# [Exercise]
Starting at the line holding "전도와 선교에 모든 것을" and finishing at the line holding "男性向けラノベタイトル風あだ名 | 『Re:なかしまあやりから始める異世界生活』 |", transcribe the material exactly, keeping both ends but no pictures.

# [Data for processing]
↓↓↓

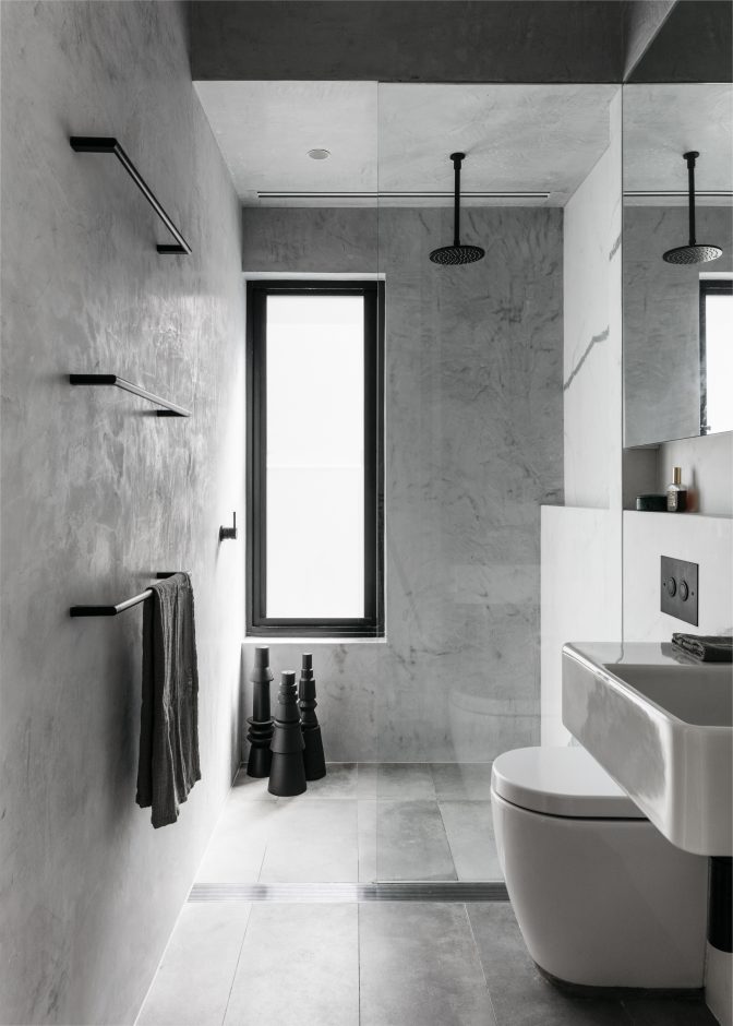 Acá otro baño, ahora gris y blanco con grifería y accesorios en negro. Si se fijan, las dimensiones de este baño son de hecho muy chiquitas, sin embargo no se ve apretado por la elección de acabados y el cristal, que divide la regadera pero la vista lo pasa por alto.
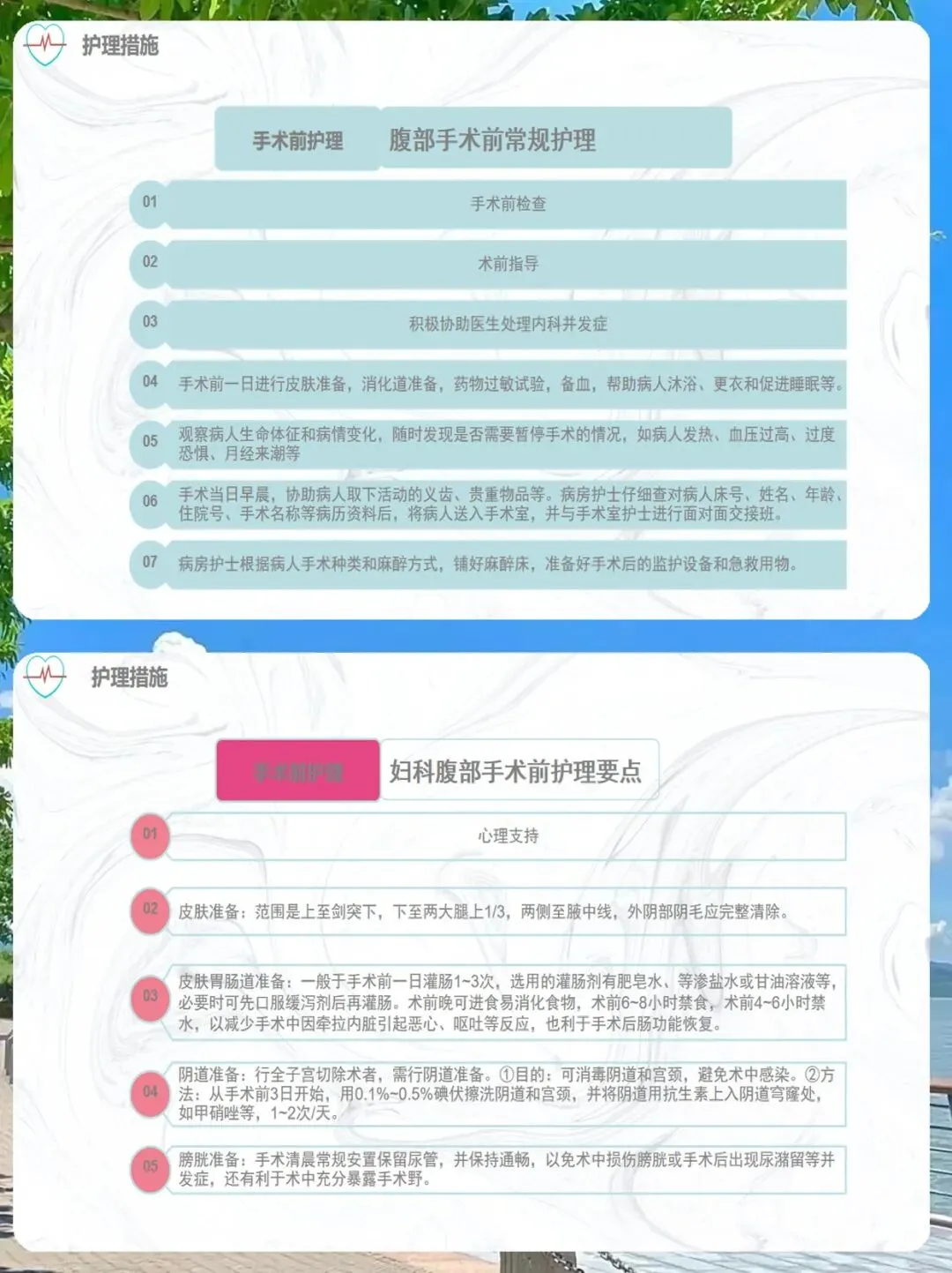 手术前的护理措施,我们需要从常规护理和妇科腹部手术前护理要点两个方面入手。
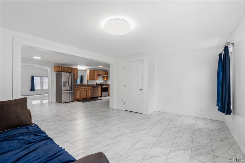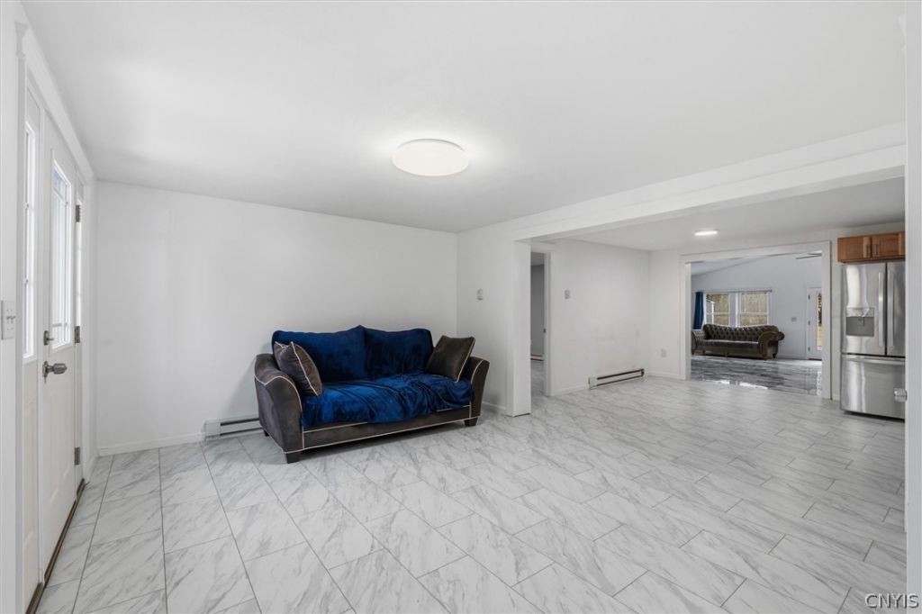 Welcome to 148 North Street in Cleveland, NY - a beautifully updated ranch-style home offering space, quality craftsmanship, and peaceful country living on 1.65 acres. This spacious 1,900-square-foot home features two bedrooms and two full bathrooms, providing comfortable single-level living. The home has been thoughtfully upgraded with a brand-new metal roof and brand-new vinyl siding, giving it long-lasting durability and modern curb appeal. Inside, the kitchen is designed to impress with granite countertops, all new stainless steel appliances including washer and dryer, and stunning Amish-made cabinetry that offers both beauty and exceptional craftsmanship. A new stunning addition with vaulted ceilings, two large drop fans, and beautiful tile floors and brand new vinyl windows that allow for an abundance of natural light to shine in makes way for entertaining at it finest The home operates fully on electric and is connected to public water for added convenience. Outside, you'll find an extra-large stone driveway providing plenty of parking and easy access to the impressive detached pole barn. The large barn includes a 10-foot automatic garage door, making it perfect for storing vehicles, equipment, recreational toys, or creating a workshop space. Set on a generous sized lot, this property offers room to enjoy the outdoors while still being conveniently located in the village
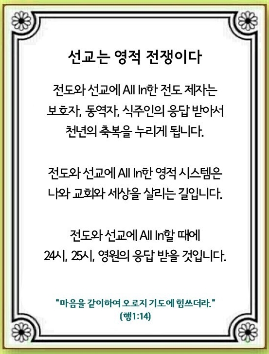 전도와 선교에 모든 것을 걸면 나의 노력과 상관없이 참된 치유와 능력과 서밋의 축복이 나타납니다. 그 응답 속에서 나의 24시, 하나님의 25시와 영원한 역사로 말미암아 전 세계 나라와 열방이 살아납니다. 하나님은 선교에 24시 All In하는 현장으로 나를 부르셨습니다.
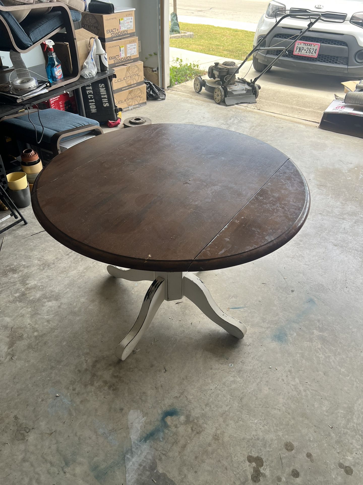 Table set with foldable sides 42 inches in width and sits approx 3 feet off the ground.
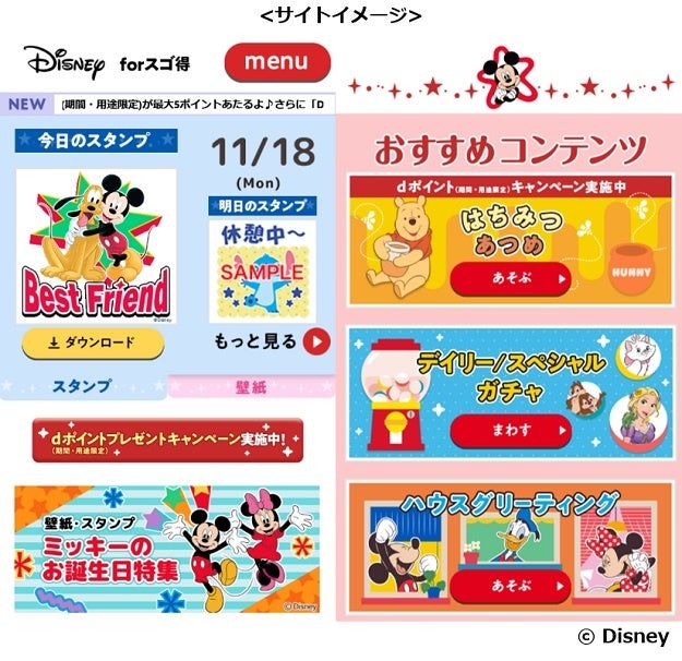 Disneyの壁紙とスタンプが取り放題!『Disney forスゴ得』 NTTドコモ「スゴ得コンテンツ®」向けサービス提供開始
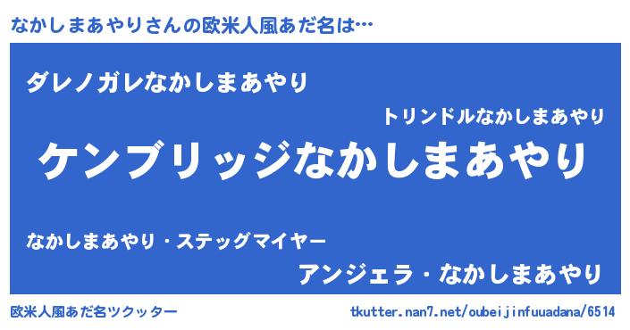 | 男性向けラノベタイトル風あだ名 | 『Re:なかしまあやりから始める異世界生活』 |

↑↑↑
↓↓↓

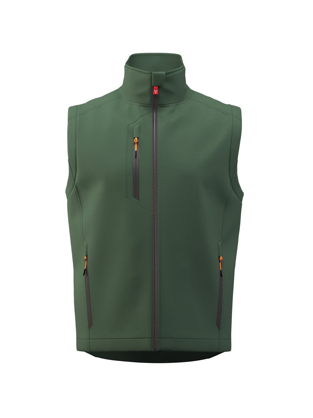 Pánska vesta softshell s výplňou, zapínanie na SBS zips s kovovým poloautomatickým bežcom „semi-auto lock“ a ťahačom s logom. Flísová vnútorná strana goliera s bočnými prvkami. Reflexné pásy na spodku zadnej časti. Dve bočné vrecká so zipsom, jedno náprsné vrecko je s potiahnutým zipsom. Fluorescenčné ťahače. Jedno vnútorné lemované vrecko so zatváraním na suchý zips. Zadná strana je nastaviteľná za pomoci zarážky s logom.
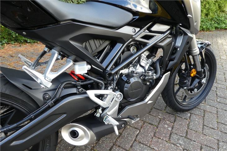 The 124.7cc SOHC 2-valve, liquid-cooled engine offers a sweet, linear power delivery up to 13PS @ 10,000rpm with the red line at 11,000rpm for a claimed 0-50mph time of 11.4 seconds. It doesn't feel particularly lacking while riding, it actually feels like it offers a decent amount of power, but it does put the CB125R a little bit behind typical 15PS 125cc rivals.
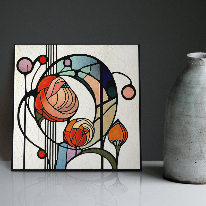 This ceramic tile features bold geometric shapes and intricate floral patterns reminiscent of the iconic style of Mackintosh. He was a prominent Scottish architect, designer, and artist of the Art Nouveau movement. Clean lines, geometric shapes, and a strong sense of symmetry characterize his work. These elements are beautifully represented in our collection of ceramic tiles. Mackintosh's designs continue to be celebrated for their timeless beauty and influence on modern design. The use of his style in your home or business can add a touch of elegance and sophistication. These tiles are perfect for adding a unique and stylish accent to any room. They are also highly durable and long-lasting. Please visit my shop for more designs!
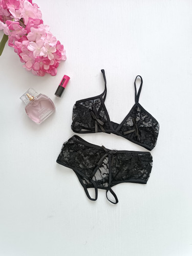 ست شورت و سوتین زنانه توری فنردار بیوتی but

↑↑↑

# [Task output]
 전도와 선교에 모든 것을 걸면 나의 노력과 상관없이 참된 치유와 능력과 서밋의 축복이 나타납니다. 그 응답 속에서 나의 24시, 하나님의 25시와 영원한 역사로 말미암아 전 세계 나라와 열방이 살아납니다. 하나님은 선교에 24시 All In하는 현장으로 나를 부르셨습니다.
 Table set with foldable sides 42 inches in width and sits approx 3 feet off the ground.
 Disneyの壁紙とスタンプが取り放題!『Disney forスゴ得』 NTTドコモ「スゴ得コンテンツ®」向けサービス提供開始
 | 男性向けラノベタイトル風あだ名 | 『Re:なかしまあやりから始める異世界生活』 |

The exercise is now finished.